The present invention has been made in consideration of such problems as described above, and an object of the present invention is to provide a conference system which allows a participant to easily participate in a remote conference and the remote conference to proceed smoothly while reducing the stress of the remote conference.

Means to Solve the Problems

A terminal of one aspect of the present invention is a terminal for participating in a conference held in a virtual space in which an avatar of a participant is arranged, the terminal including: a collecting unit for collecting a voice of the participant; a control unit for generating control data for controlling the avatar of the participant; a determining unit for determining a state of the participant; a transmitting unit for transmitting voice data, the control data, and a determination result of the participant; a receiving unit for receiving voice data, control data, and a determination result of another participant; a display control unit for determining a display mode of the conference based on the determination result of the participant and the determination result of the other participant; and a display unit for reproducing the voice data, controlling the avatar based on the control data, and displaying a screen of the conference according to the display mode.

Effects of Invention

According to the present invention, it is possible to provide a conference system which allows a participant to easily participate in a remote conference and the remote conference to proceed smoothly while reducing the stress of the remote conference

BRIEF DESCRIPTION OF DRAWINGS

FIG. 1 is a diagram showing an example of an entire configuration of a conference system of the present embodiment.

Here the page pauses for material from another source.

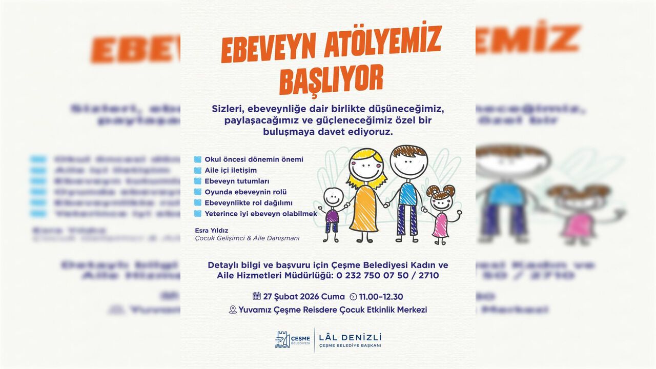 Çeşme Belediyesi, ailelerin ebeveynlik sürecinde desteklenmesi amacıyla yeni bir çalışmayı hayata geçiriyor. Kadın ve Aile Hizmetleri Müdürlüğü koordinasyonunda düzenlenecek Ebeveyn Atölyesi, 27 Şubat 2026 Cuma günü saat 11.00–12.30 arasında Yuvamız Çeşme Reisdere Çocuk Etkinlik Merkezi’nde gerçekleştirilecek. Atölye çalışmasında okul öncesi dönemin önemi, aile içi iletişim, ebeveyn tutumları, oyunda ebeveynin rolü, ebeveynlikte rol paylaşımı ve yeterince iyi ebeveyn olabilme gibi konular ele alınacak. Katılımcıların deneyimlerini paylaşabileceği buluşmada, ebeveynliğe dair güncel yaklaşımlar da değerlendirilecek.

FIG. 2 is a functional block diagram showing an example of a configuration of a terminal in the conference system of the present embodiment.

FIG. 3 is a flowchart showing an example of a flow of processing for the terminal to transmit data.

FIG. 4 is a flowchart showing an example of a flow of processing for the terminal to display a screen of a conference.

FIG. 5 is a diagram showing an example of a display screen of the conference.

FIG. 6 is a flowchart showing an example of a flow of processing for the terminal to display the screen of the conference.

FIG. 7 is a diagram showing an example of a display of an avatar having a conversation.

FIG. 8 is a diagram showing an example of a display of an avatar having a conversation.

FIG. 9 is a diagram showing an example of a display of avatars having a conversation.

FIG. 10 is a flowchart showing an example of a flow of processing that allows avatars having a conversation to be close to each other.

FIG. 11 is a diagram showing an example on how avatars having a conversation can be close to each other.

FIG. 12 is a diagram showing an example of a screen in which icons are arranged.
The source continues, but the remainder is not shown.